Garanti Bankası Yönetim Kurulu Üyesi Dr. Cüneyt Sezgin, sorularımızı şöyle yanıtladı:
-Risk yönetimi nedir?
Aslında bakarsanız risk hayatımızın her zaman içersinde olan bir kavram. Risk yönetimini, kısaca belirsizliği yönetmek olarak tanımlayabiliriz. Biz risk yöneticileri için risk, kaçınılması gereken değil alınması gereken bir karar. Risk yönetimini iki şekilde algılarız. Birincisi; tehditler, ikincisi de fırsatlar. Risk yönetimi, bu tehditleri iyi ölçme, ölçümleri iyi yaparak alabileceğiniz kadar riski alarak bundan yarar sağlama bilim ve sanatı. Her şirket gündelik hayatın içerisinde bir şekilde risk yönetimi yapıyor. Örneğin; bir tüccar vadeli mal alıp satıyorsa en azından vade riski alıyor demektir. Kurdaki ani iniş ve çıkışlardan korunmak isteyen şirketler bu riske karşı bir bankadan hizmet alarak kendilerini hedge edebilir, yani risklere karşı kendini koruyabilir.
-Türk bankacılık sisteminde yıl sonunda yürürlüğe girmesi beklenen Basel II kuralları ne getirecek?
Bankacılık sistemi olarak Basel II'ye yıllardır hazırlanıyoruz. Garanti Bankası olarak da bu konuda önemli bir misyonu üstlendik. Sadece büyük ölçekli firmalara değil, KOBİ'lere kadar inerek risk yönetimini ve önemini anlatıyoruz. Gerçi küresel kriz nedeniyle Türk bankacılık sisteminin Basel II'ye geçişi bir süreliğine ertelenmişti. Ama BDDK bu konuda yeniden hazırlıklara başladı. Piyasa disiplini, etkinlik, risk yönetimi prensipleri üzerine inşa edilen Basel II düzenlemeleri sermaye yeterliliğinde yeni standartlar getiriyor. Sermaye yeterliliğinde piyasa riskinin yanı sıra kredi riskinde de yeni yöntemlerin kullanılarak riskin ölçülmesi ve operasyonel risklerin de dikkate alınmasını içeriyor.

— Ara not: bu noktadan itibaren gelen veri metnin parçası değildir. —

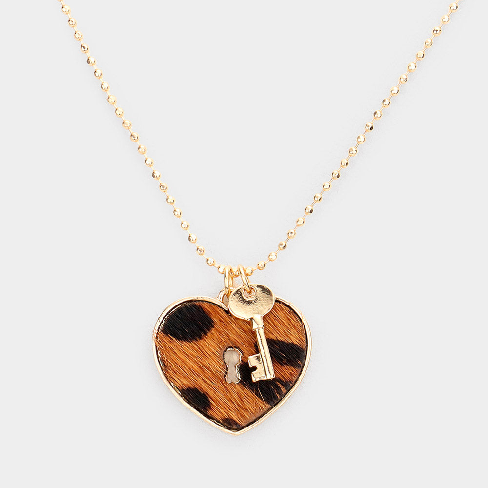 iLLASPARKZ Leopard Patterned Genuine Leather Calf Heart Lock Metal Key Pendant Necklace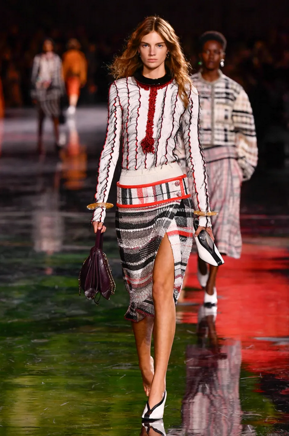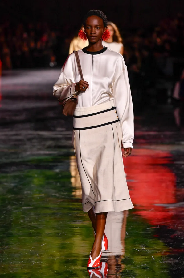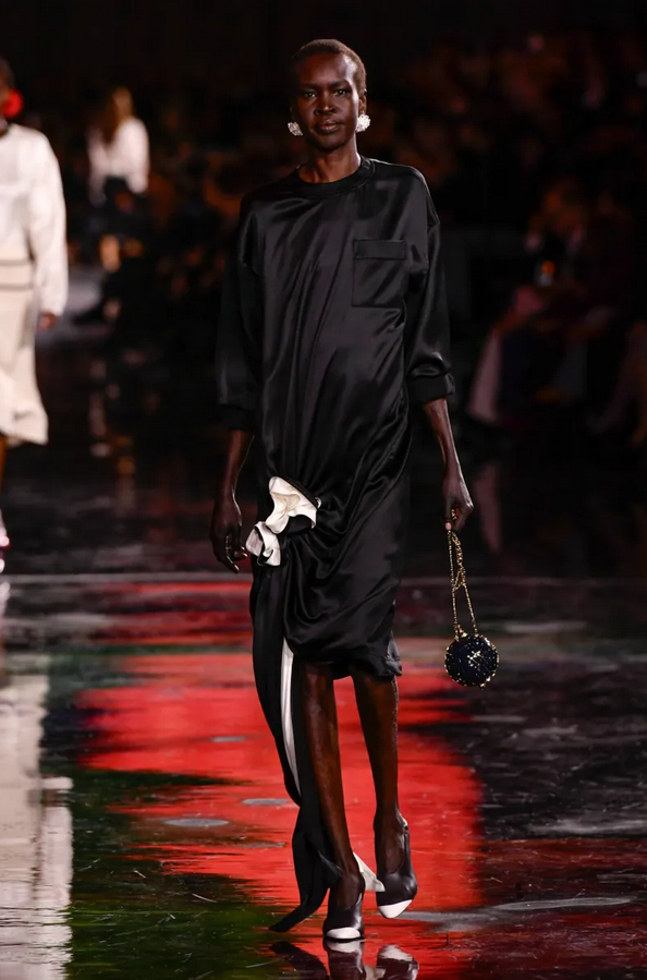 • Technical accomplishment: mixing fabrics, deconstructed elements, handbags reimagined — all cohere.

-Basel II reel sektöre ne sağlayacak?
Bence risk yönetimi, sadece bankalardan kredi alabilmek için değil kurumların ayakta kalması, sağlıklı bir şekilde yaşamına devam etmesi için de gerekli. Şirketler sadece kendi sermayeleriyle ayakta kalamaz. Halka açılma, yabancı sermaye ortaklığı şeklinde sermaye ihtiyacınızı karşılamak isterseniz öncelikle bilançolarının şeffaf olması, uluslar arası muhasebe standartlarına uygun olması, hesap verilebilir olması gerekiyor. Bu da her şeyden önce şirketler için kurumsallaşmayı ön plana çıkarıyor. Şirketler büyümek için öncelikle kurumsallaşmak zorunda. Bu topyekun bir kültür değişimini gerektiriyor. Risk yönetimi, rekabet gücünün artması ve bunun sürdürülebilmesi açısından çok önemli. Kısacası; şirketlerin ayakta kalabilmesi için topyekun bir kültür değişimine, risk yönetimi bilincinin yaygınlaşmasına ihtiyaç var. Tabii ki, risk yönetimi iyi yapan şirketlere bankalar daha uygun koşullarda kredi verecek.

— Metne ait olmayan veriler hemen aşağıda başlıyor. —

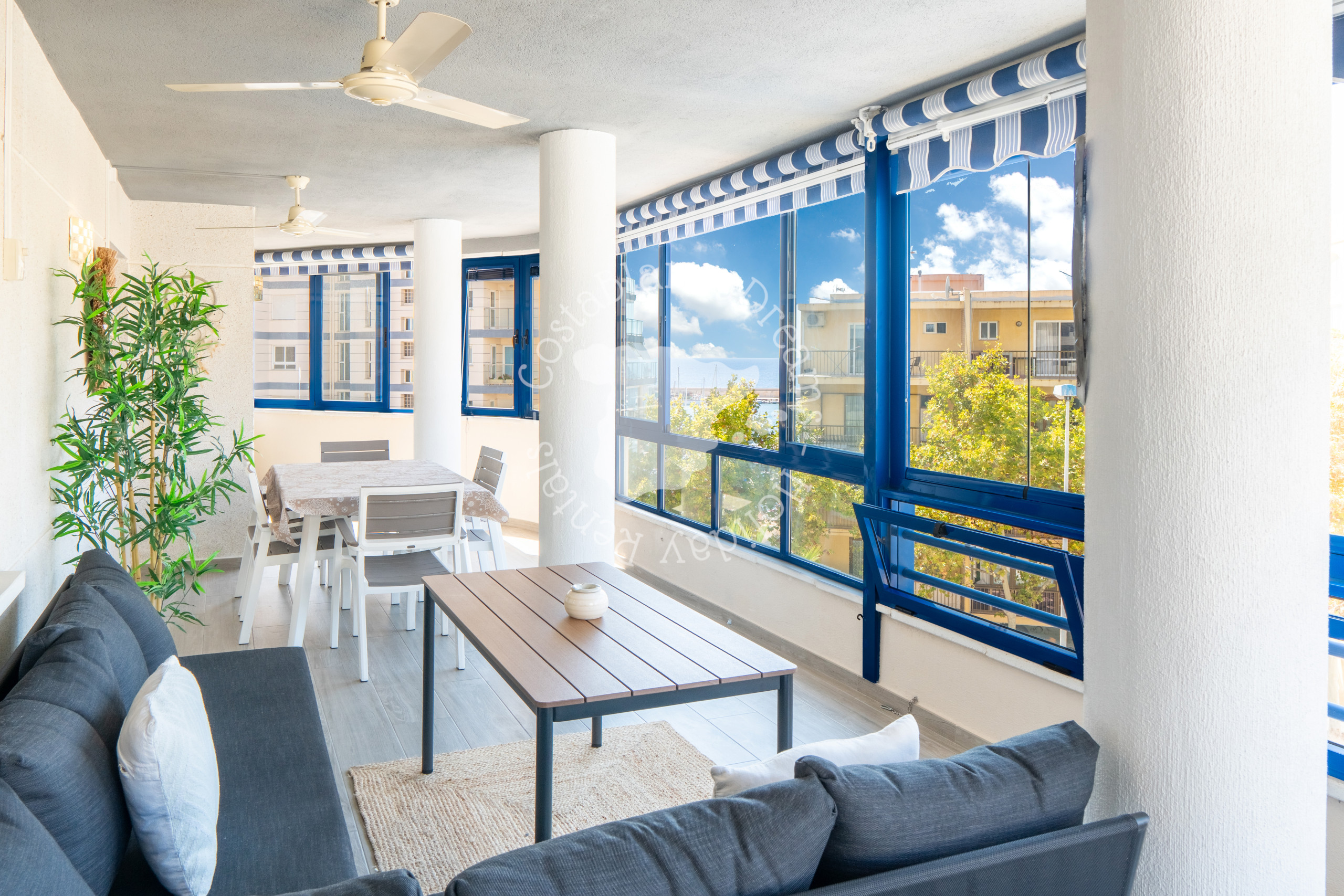 Entre por el pasillo, que conduce a la sala de estar de planta abierta. Aquí encontrará un cómodo sofá, una Smart TV y aire acondicionado para una estancia agradable. Junto al salón se encuentra una terraza completamente cerrada con ventanas acristaladas que se abren por completo, lo que permite una experiencia interior-exterior sin complicaciones. La terraza está amueblada con una mesa de comedor, una acogedora sala de estar, ventiladores de techo y dos tumbonas, ideal para disfrutar del clima mediterráneo.

-Peki, reel sektör yeni kurallara uyum konusunda yeterince hazırlıklı mı?
Bugüne kadar Anadolu'da birçok ili dolaştım ve ekibimle beraber bir dizi konferans verdim. Ayrıca konferans öncesi de müşterilerimiz ile birebir sohbetlerimiz oluyor. Herhalde şimdiye kadar binlerce kilometre yol katetmişizdir. Çünkü Garanti Bankası olarak bizim için bir tek müşteri dahi çok önemlidir. Türkiye'nin G-20 üyesi olarak, uluslararası piyasaların önde gelen oyuncularından birisi olma iddiasındaki bir ülke olarak bu kurallara uyması şart. Bu konuda en önemli engellerden birisi kayıt dışı ekonomi. Kayıtdışılığın yanı sıra, profesyonel yönetim yerine aile şirketi yapısının ağırlıklı olması, şirketlerin çoğunun kurumsallaşamaması risk yönetimi konusunda gerekli adımların atılmasını engelliyor. Kurumsallaşma denetim mekanizmalarının artması, iç denetim ve kontrolün yanı sıra o kurum açısından hesap verilebilirliği de getirecek. Uluslar arası şirketler, büyük ölçekli holding ve şirketler bu konuda daha titiz çalışıyor. Bunun daha küçük ölçekli şirketlere de yansıması gerekiyor. Özellikle küçük ölçekli şirketler unutmamalı ki, şirket içerisinde çalışanlardan birinin yapacağı hata veya suistimalin bedelini o şirket hayatıyla ödüyor. Halbuki, risk yönetimi, iç denetim ve kontrol mekanizmaları kurulmuş olsa böyle sıkıntılarla karşılaşma olasılığı büyük ölçüde azalacak.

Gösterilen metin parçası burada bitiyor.